A team of researchers from Tokyo Tech and Taiwan Tech have discovered a way to efficiently use the surplus glycerol produced in the production of biodiesel.
Biodiesel, which is made using vegetable oils through a process known as transesterification, produces excessive amounts of glycerol. In Europe alone, it is estimated that the biodiesel industry produces a surplus of 1.4 million tonnes of glycerol annually, which cannot be sold to other industries.
In their study, the researchers found that copper oxide (CuO), which is cheap and abundant, can be used as a catalyst to selectively convert glycerol into the more valuable organic compound dihydroxyacetone (DHA) even at mild reaction conditions.

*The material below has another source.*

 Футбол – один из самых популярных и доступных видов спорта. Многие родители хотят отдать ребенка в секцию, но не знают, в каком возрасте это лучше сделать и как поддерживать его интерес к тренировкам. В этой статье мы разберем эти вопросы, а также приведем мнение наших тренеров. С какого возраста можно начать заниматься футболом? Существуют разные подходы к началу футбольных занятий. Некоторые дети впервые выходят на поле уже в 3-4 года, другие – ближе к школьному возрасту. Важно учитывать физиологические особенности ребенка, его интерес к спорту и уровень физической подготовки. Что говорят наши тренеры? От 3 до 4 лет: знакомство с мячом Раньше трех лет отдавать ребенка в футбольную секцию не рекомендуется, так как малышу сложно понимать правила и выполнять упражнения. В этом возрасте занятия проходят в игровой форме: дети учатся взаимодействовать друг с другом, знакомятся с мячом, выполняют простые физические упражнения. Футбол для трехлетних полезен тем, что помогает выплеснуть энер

Although the electrochemical conversion of glycerol to DHA has been studied for years, existing approaches require the use of precious metals, such as platinum, gold, and silver. As the use of these metals represents 95% of the overall cost of glycerol to DHA conversion, an affordable alternative is generally required.

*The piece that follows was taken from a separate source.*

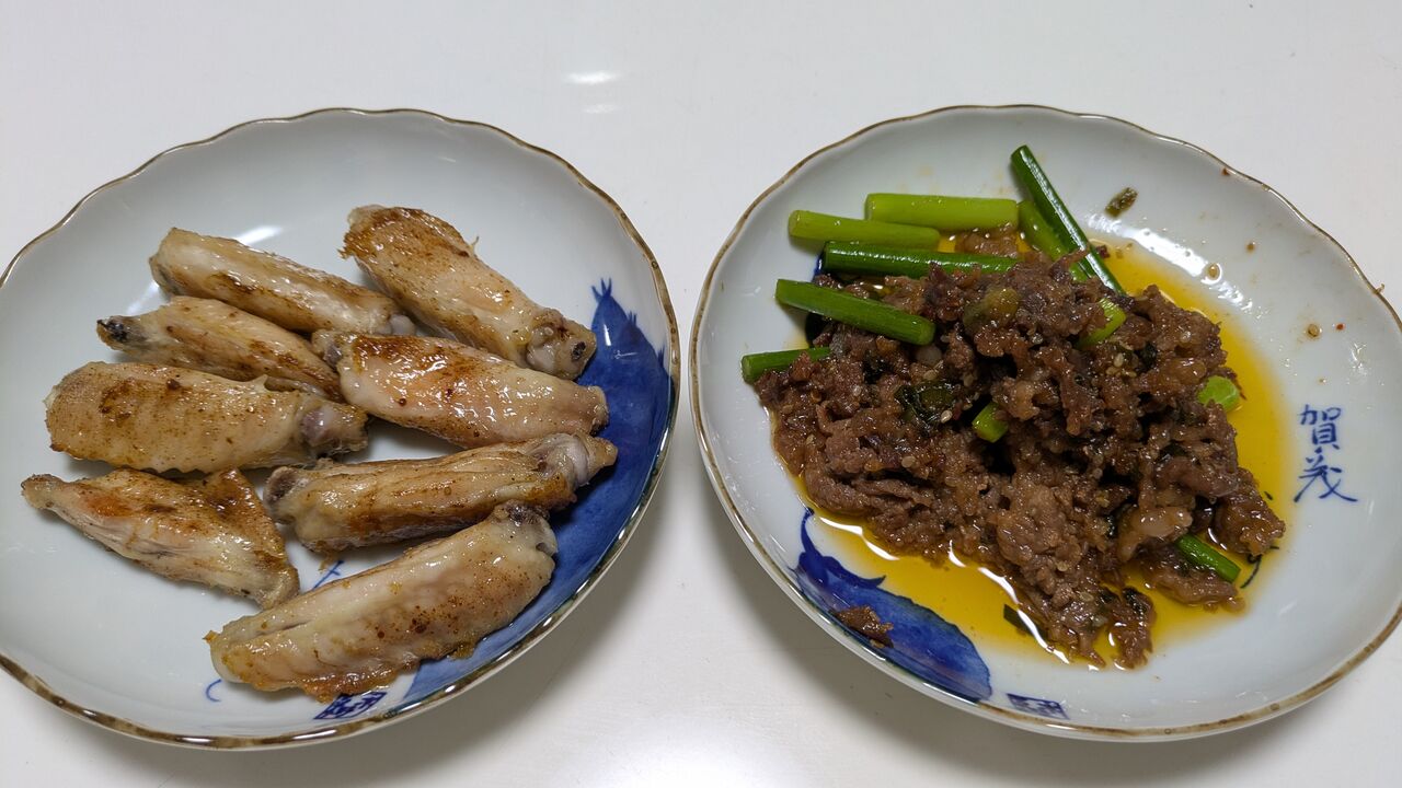 塩コショウしてトースターで焼いたチキンスティックと脂ギッシュなプルコギ

For the conversion to take place using CuO, the pH in the solution of the electrochemical cell has to be at a specific value. Through various microscopy techniques, the researchers analysed the crystalline structure and composition of the CuO catalyst and tailored them to make it stable while inspecting the possible conversion pathways for glycerol in their system, according to the solution's pH. This allowed them to find appropriate reaction conditions that favoured the production of DHA.

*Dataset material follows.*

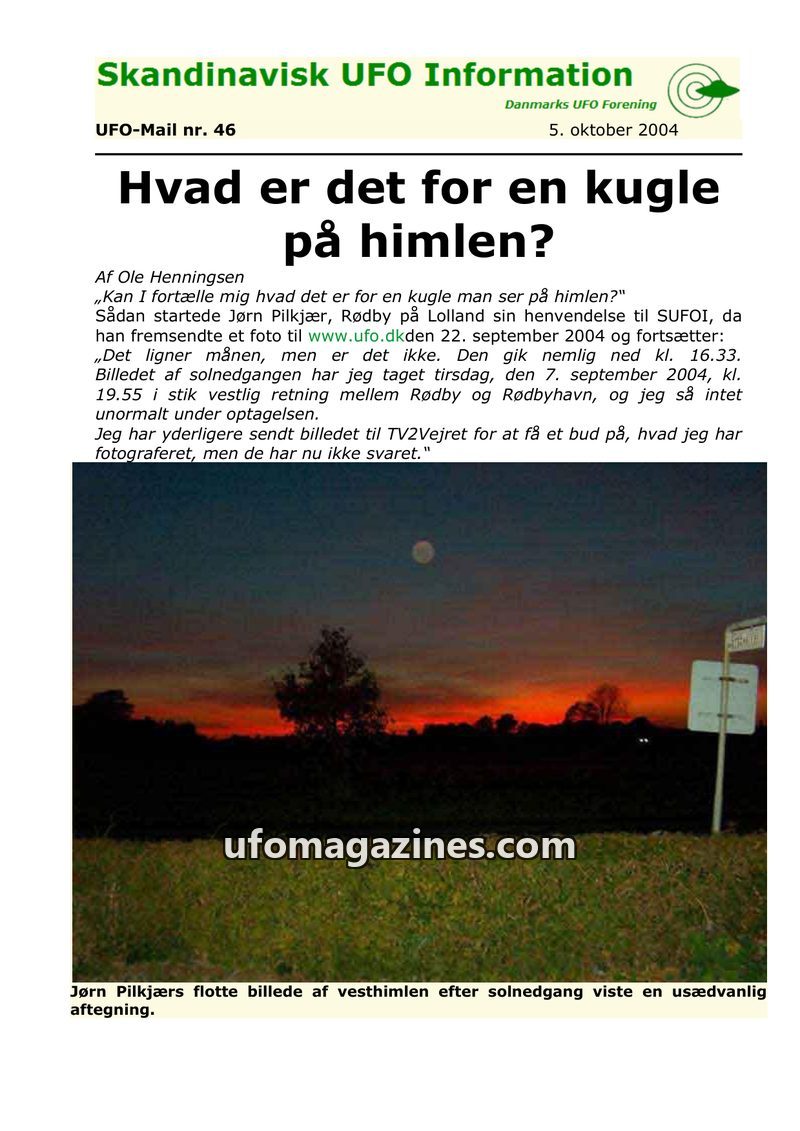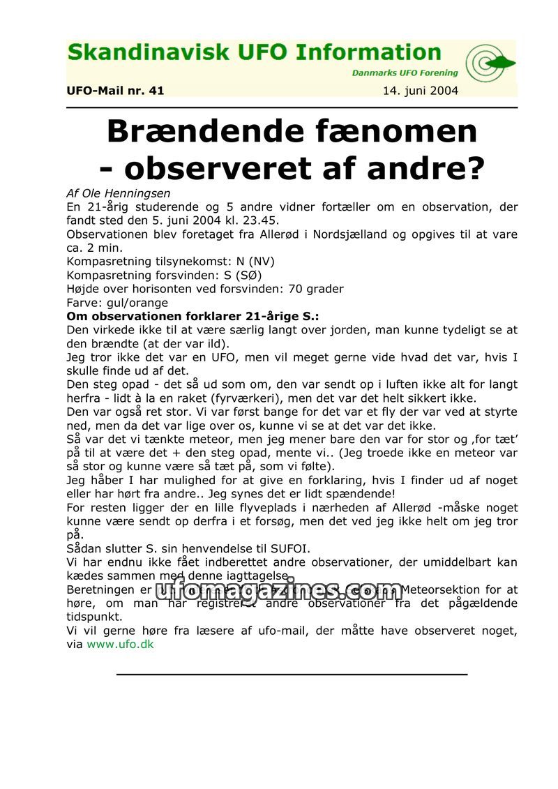 This issue of Skandinavisk UFO Information reports on a UFO sighting by a 21-year-old student and five other witnesses in Allerød, Denmark, on June 5, 2004. The object was describe

"We have not only discovered a new, earth-abundant catalyst for high-selectivity DHA conversion, but also demonstrate the possibility of giving new valuable life to a waste product of the biodiesel industry," explained Professor Tomohiro Hayashi, lead researcher from Tokyo Tech.
The process additionally produced hydrogen through water splitting, enabling the new approach to address two problems simultaneously. "Both the biodiesel and the hydrogen generation industries could benefit from our system, leading to a more sustainable world," added Hayashi.